We heard the Senator coming down the hallway and were silent. "Now what do you reckon that fool fellow wanted? Well, Sir, it beats anything. Told me that he had named a boy for me—said that it ought to be worth five dollars and a barrel of flour. Why, dog my cats—beg your pardon (bowing to Mrs. Estell). But I say, if it were to get out—no, keep your seat, I'll sit over here—get out that I am giving five dollars and a barrel of flour for each boy named for me, why, I'd be broke in six months. A long time ago a yellow-looking chap from the swamps came to tell me that he had given my name to as fine a boy as the country ever saw. I was a little easier flattered in those days than I am now, and it tickled me mightily; and what did I do but give the fellow a twenty-dollar gold piece. Well, Sir, about six months after that he went to a friend of mine, a candidate to fill an unexpired term of county clerk, and declared that he had just named a splendid specimen of a boy for him. And now what do you suppose we found out? The villain changed that boy's name every time a campaign came along. Yes, Sir, and he was about ten years old when he was given my name."

"By the way, there was something you wanted talk to me about," I said, to remind him that the hour was growing late. "Something on business, I understood you to say."

"Yes, but there's plenty of time. Let me see, now, what it was I had on my mind. Something I wanted to say about—well, Sir, it has escaped me."

"Then it couldn't have been very important," said Mrs. Estell.

"It couldn't, eh? Now that's where you are wrong. In this life we are prone to forget the most important things. My old grandfather used to forget his wife when she went visiting with him, and go on home without her. But come to consider more closely, it wasn't exactly a business matter I wanted to talk to you about, Belford. I wanted to tell you that day after to-morrow we'll go fox-hunting. I sent over to the plantation to have the hounds put in good condition, and they'll be ready for us. Ever ride after the hounds?"

"Only in a mimic chase—a bag of anis-seed."

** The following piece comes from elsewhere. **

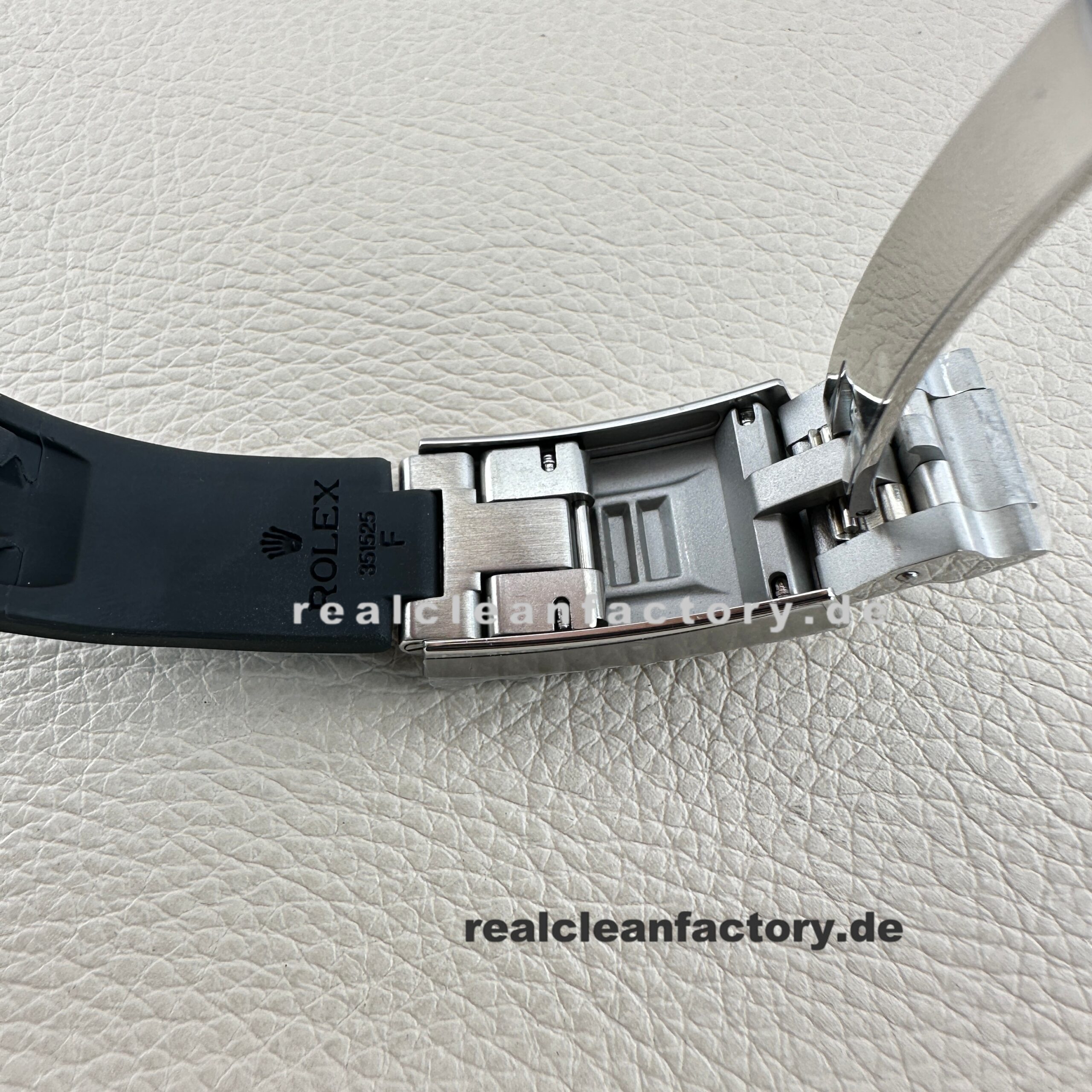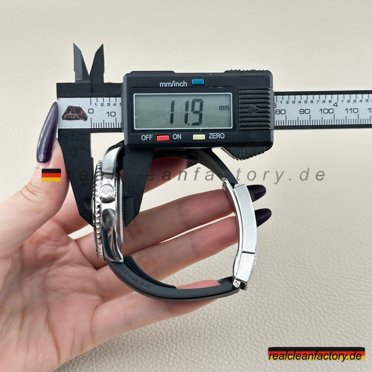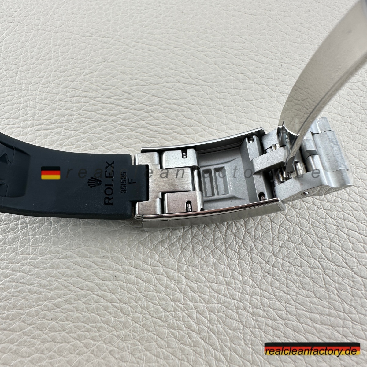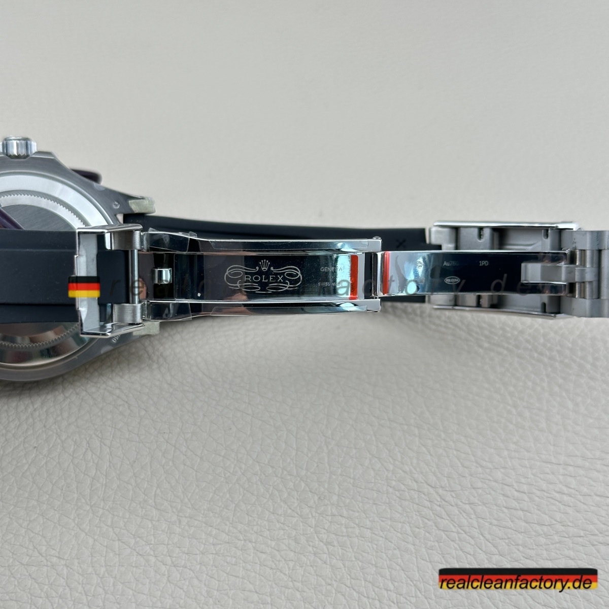 - Armband: Oysterflex-Armband mit der gleichen inneren Metallstruktur wie bei echten Rolex – nicht billiger Gummi wie bei anderen Fabriken.
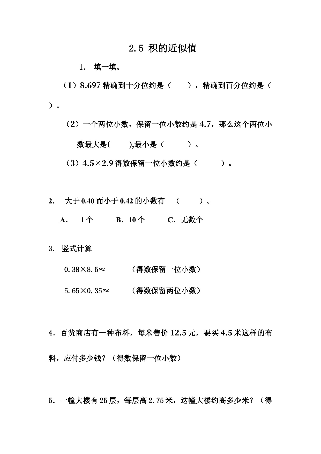 上一篇:五上数学课时练2-4 小数乘小数

"Oh, what nonsense! Do you know what ought to be done with a man that would get up such a disgrace on the greatest of all sport? Ought to be deprived of his citizenship, his vote; and I don't know of anything much worse than that. Now, you be here day after to-morrow morning, and I'll show you what it is to live like a white man."

He was so earnest and so set in his conviction that no work, however important, should be permitted to stand as a stumbling-block in the road leading to the field of this essential sport, that I yielded, but reluctantly, until Mrs. Estell dropped a word of persuasion, and then I could not have found the moral nerve to urge even the most courteous objection.

When I took my leave, soon afterward, the Senator walked out with me, through the gate and down the road; and when he halted to turn back, I looked round and saw Mrs. Estell standing on the portico, with a lamp held aloft to light his way.